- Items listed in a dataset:
────────

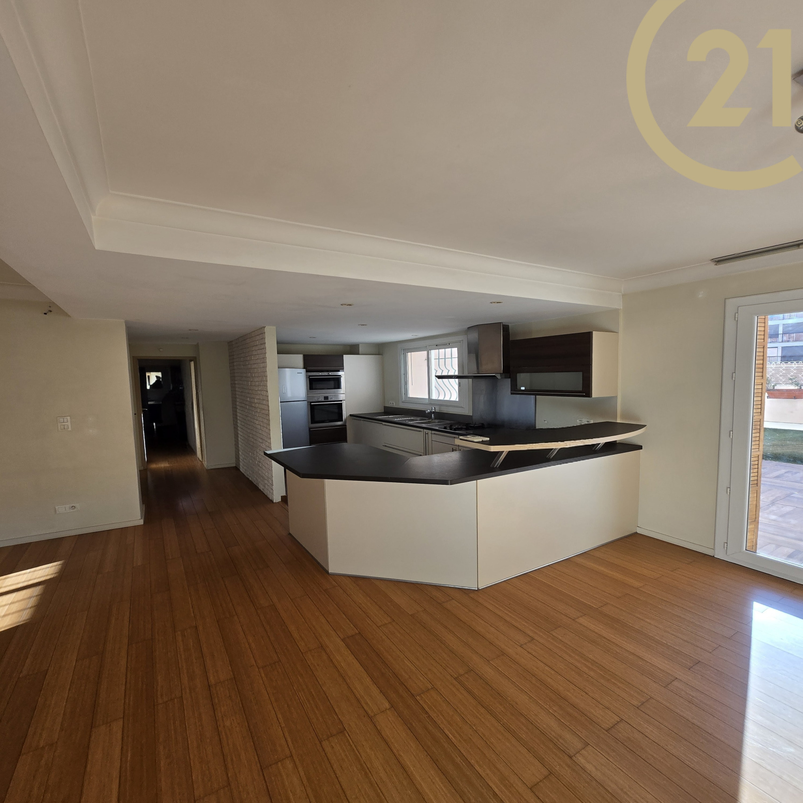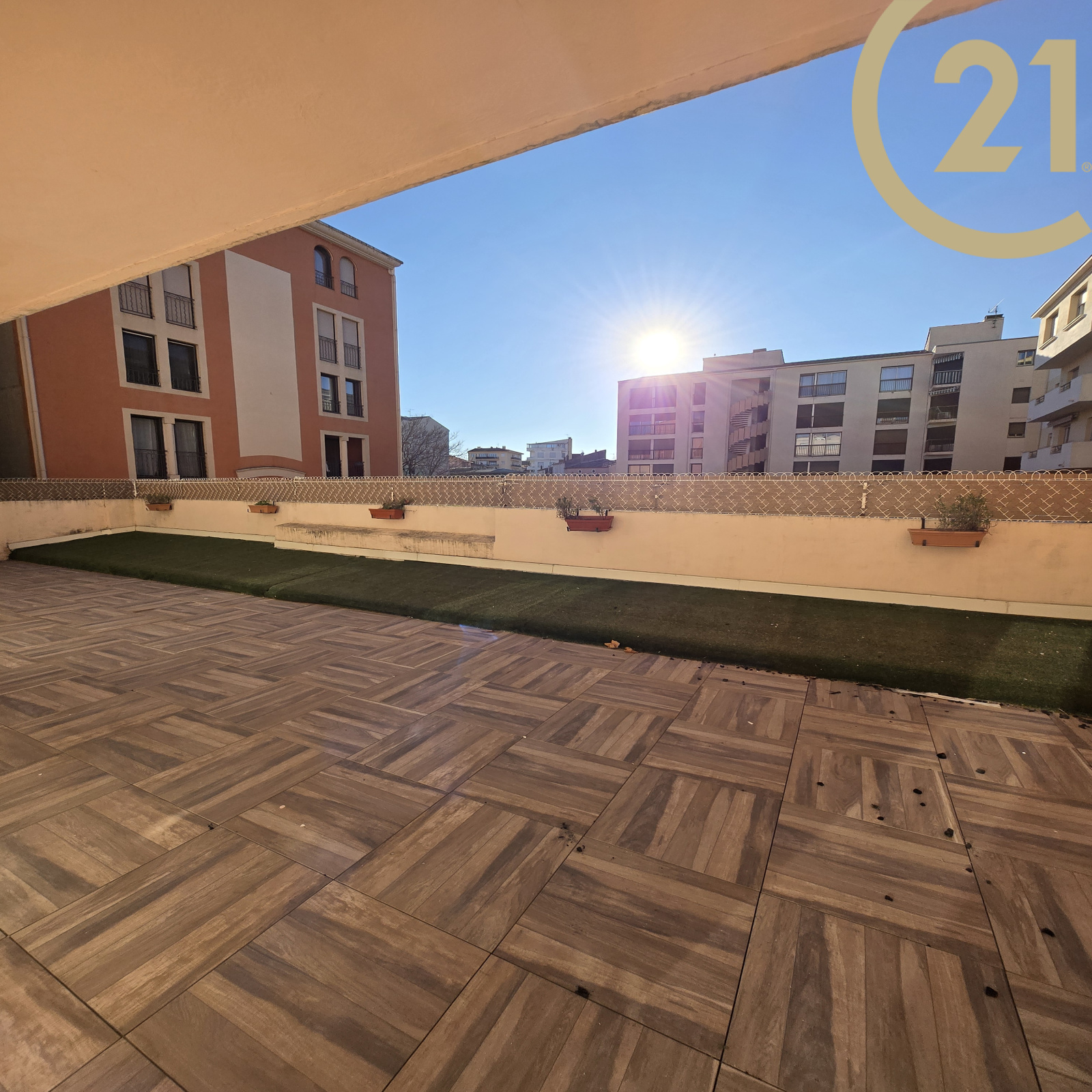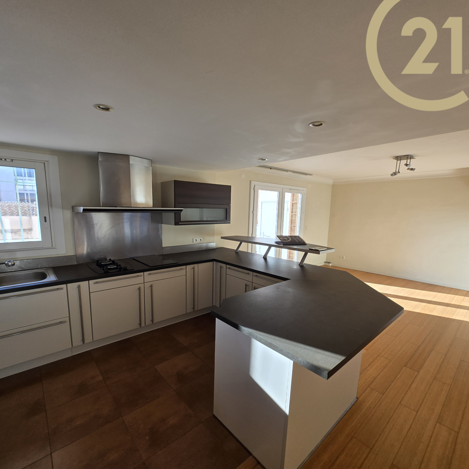 VENTE - SAINT RAPHAEL - Spacieux appartement 4 pièces de 95 m² idéalement situé dans le centre-ville de Saint-Raphaël, à proximité immédiate de tous les commerces, de la gare et des plages. Cet appartement traversant offre de beaux volumes. Rénové récemment avec goût, il se compose d'une entrée, d'un spacieux séjour/salle à manger avec cheminée et climatisation donnant sur une immense terrasse de 74m² éxposée sud, d'une grande cuisine récente entièrement équipée, de 3 grandes chambres, d'une salle d'eau et d'un wc indépendant. Deux beaux balcons complètent le bien.
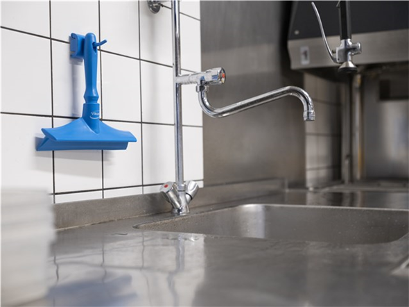 Wieszak ścienny Hi-Flex z polipropylenu przeznaczony do zawieszania narzędzi czyszczących.
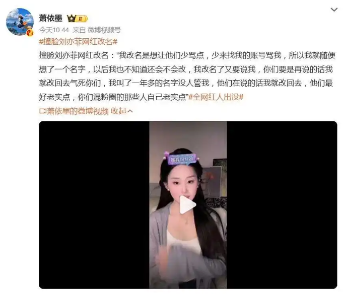 撞脸刘亦菲网红“刘一菲”改名:想让
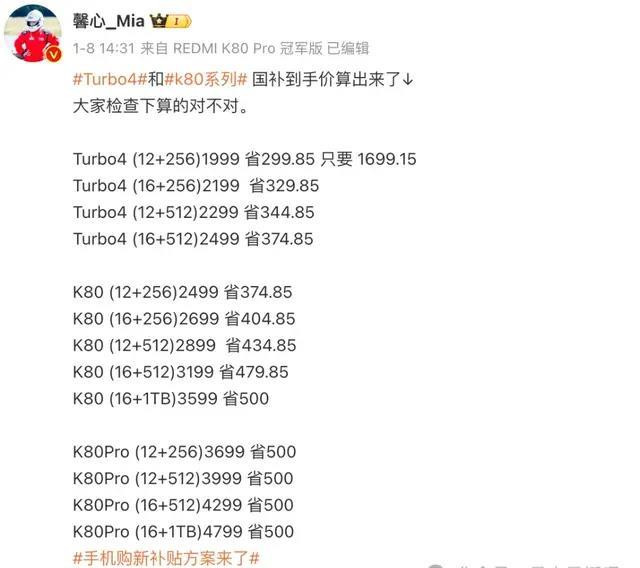 当然,除了小米14Ultra拍照强的手机外,很多用户的预算可能没那么多,关注最多的还是红米K80、红米Turbo4,这两款在国补的加持下,价格也是优惠到家了。之前红米产品经理胡馨心发布了一篇帖子,详细计算了热门红米手机的到手价格。
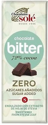 CZEKOLADA GORZKA 72% KAKAO BEZ DODATKU CUKRU SŁODZONA STEWIĄ BIO 25 g - SOLE
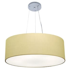Lustre Pendente Cilíndrico Md-4070 Cúpula Tecido 80x30cm Algodão Crú
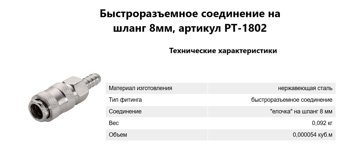 PT-1802 — это качественное быстроразъемное соединение для шланга диаметром 8 мм, которое обеспечит комфорт и надежность при подключении и отключении вашего пневмооборудования. Этот универсальный элемент позволит легко и быстро подключить инструмент к воздушной магистрали, гарантируя надежную фиксацию и отсутствие утечек воздуха. Изделие выполнено с высоким уровнем точности, что обеспечивает долгий срок службы и бесперебойную работу в любых условиях эксплуатации. Данный аксессуар станет незаменимым помощником как профессионалам, так и домашним мастерам, стремящимся оптимизировать процессы ремонта и технического обслуживания.
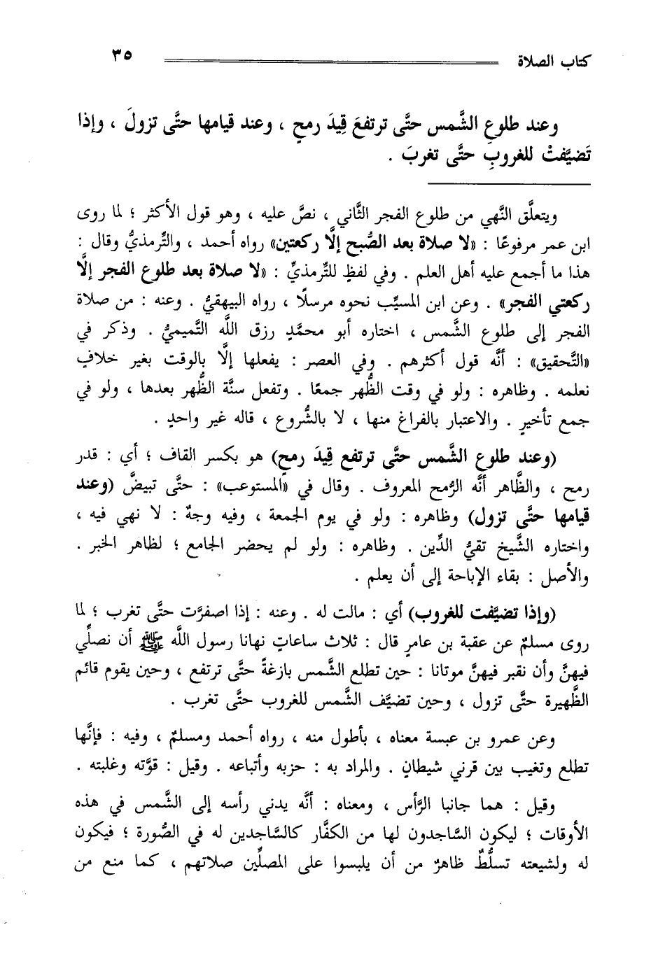 "وعند طلوع الشمس حتى ترتفع قيد رمح" هو بكسر القاف أي قدر رمح والظاهر أنه الرمح المعروف وقال في المستوعب حتى تبيض وعند قيامها حتى تزول وظاهره ولو في يوم الجمعة وفيه وجه لا نهي فيه واختاره الشيخ تقي الدين وظاهره ولو لم يحضر الجامع لظاهر الخبر والأصل بقاء الإباحة إلى أن يعلم.

────────

Every line above should be returned word for word, with the pictures left behind.

- SOLVED PROBLEM:
 VENTE - SAINT RAPHAEL - Spacieux appartement 4 pièces de 95 m² idéalement situé dans le centre-ville de Saint-Raphaël, à proximité immédiate de tous les commerces, de la gare et des plages. Cet appartement traversant offre de beaux volumes. Rénové récemment avec goût, il se compose d'une entrée, d'un spacieux séjour/salle à manger avec cheminée et climatisation donnant sur une immense terrasse de 74m² éxposée sud, d'une grande cuisine récente entièrement équipée, de 3 grandes chambres, d'une salle d'eau et d'un wc indépendant. Deux beaux balcons complètent le bien.
 Wieszak ścienny Hi-Flex z polipropylenu przeznaczony do zawieszania narzędzi czyszczących.
 撞脸刘亦菲网红“刘一菲”改名:想让
 当然,除了小米14Ultra拍照强的手机外,很多用户的预算可能没那么多,关注最多的还是红米K80、红米Turbo4,这两款在国补的加持下,价格也是优惠到家了。之前红米产品经理胡馨心发布了一篇帖子,详细计算了热门红米手机的到手价格。
 CZEKOLADA GORZKA 72% KAKAO BEZ DODATKU CUKRU SŁODZONA STEWIĄ BIO 25 g - SOLE
Lustre Pendente Cilíndrico Md-4070 Cúpula Tecido 80x30cm Algodão Crú
 PT-1802 — это качественное быстроразъемное соединение для шланга диаметром 8 мм, которое обеспечит комфорт и надежность при подключении и отключении вашего пневмооборудования. Этот универсальный элемент позволит легко и быстро подключить инструмент к воздушной магистрали, гарантируя надежную фиксацию и отсутствие утечек воздуха. Изделие выполнено с высоким уровнем точности, что обеспечивает долгий срок службы и бесперебойную работу в любых условиях эксплуатации. Данный аксессуар станет незаменимым помощником как профессионалам, так и домашним мастерам, стремящимся оптимизировать процессы ремонта и технического обслуживания.
 "وعند طلوع الشمس حتى ترتفع قيد رمح" هو بكسر القاف أي قدر رمح والظاهر أنه الرمح المعروف وقال في المستوعب حتى تبيض وعند قيامها حتى تزول وظاهره ولو في يوم الجمعة وفيه وجه لا نهي فيه واختاره الشيخ تقي الدين وظاهره ولو لم يحضر الجامع لظاهر الخبر والأصل بقاء الإباحة إلى أن يعلم.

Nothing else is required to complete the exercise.